**Aim of the exercise:** After locating the line with "Цвет #85386C в" in the data that follows, return it and every later line exactly, up to and including the line with "A Câmara Municipal".

========================================================================

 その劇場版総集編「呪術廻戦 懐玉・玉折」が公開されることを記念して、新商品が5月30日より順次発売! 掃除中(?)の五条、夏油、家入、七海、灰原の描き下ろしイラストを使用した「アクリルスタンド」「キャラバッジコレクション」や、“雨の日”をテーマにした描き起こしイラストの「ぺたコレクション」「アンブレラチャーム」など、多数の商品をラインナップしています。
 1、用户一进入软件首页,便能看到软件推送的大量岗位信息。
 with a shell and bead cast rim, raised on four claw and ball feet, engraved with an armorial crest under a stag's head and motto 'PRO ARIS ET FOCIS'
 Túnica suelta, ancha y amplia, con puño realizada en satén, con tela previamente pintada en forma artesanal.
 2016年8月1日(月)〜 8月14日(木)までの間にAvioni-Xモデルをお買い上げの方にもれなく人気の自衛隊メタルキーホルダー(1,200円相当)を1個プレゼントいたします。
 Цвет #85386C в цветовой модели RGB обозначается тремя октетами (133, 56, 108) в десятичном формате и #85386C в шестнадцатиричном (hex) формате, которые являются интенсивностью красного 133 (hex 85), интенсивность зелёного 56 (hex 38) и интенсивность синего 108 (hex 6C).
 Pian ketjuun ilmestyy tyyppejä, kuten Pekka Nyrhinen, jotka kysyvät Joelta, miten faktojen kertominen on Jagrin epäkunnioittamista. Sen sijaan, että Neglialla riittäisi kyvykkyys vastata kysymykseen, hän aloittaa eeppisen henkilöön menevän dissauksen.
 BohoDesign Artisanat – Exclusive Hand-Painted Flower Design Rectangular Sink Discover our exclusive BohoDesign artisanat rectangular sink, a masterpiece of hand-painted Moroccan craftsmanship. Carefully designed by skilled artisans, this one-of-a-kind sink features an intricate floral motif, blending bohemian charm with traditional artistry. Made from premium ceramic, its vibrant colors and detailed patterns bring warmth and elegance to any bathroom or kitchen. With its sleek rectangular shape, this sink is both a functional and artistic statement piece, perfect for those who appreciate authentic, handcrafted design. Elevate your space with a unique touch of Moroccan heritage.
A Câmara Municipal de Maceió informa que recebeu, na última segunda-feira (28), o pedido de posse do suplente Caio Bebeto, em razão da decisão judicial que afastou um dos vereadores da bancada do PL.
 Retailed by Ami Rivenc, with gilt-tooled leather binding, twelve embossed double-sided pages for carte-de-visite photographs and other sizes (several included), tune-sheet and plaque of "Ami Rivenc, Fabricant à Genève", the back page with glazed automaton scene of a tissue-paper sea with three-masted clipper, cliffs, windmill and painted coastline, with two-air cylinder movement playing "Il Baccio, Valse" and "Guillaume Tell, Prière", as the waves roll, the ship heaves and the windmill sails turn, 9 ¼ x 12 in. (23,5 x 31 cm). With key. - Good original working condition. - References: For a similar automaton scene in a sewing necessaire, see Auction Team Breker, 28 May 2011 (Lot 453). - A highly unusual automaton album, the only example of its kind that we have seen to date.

========================================================================

**Task output:**
 Цвет #85386C в цветовой модели RGB обозначается тремя октетами (133, 56, 108) в десятичном формате и #85386C в шестнадцатиричном (hex) формате, которые являются интенсивностью красного 133 (hex 85), интенсивность зелёного 56 (hex 38) и интенсивность синего 108 (hex 6C).
 Pian ketjuun ilmestyy tyyppejä, kuten Pekka Nyrhinen, jotka kysyvät Joelta, miten faktojen kertominen on Jagrin epäkunnioittamista. Sen sijaan, että Neglialla riittäisi kyvykkyys vastata kysymykseen, hän aloittaa eeppisen henkilöön menevän dissauksen.
 BohoDesign Artisanat – Exclusive Hand-Painted Flower Design Rectangular Sink Discover our exclusive BohoDesign artisanat rectangular sink, a masterpiece of hand-painted Moroccan craftsmanship. Carefully designed by skilled artisans, this one-of-a-kind sink features an intricate floral motif, blending bohemian charm with traditional artistry. Made from premium ceramic, its vibrant colors and detailed patterns bring warmth and elegance to any bathroom or kitchen. With its sleek rectangular shape, this sink is both a functional and artistic statement piece, perfect for those who appreciate authentic, handcrafted design. Elevate your space with a unique touch of Moroccan heritage.
A Câmara Municipal de Maceió informa que recebeu, na última segunda-feira (28), o pedido de posse do suplente Caio Bebeto, em razão da decisão judicial que afastou um dos vereadores da bancada do PL.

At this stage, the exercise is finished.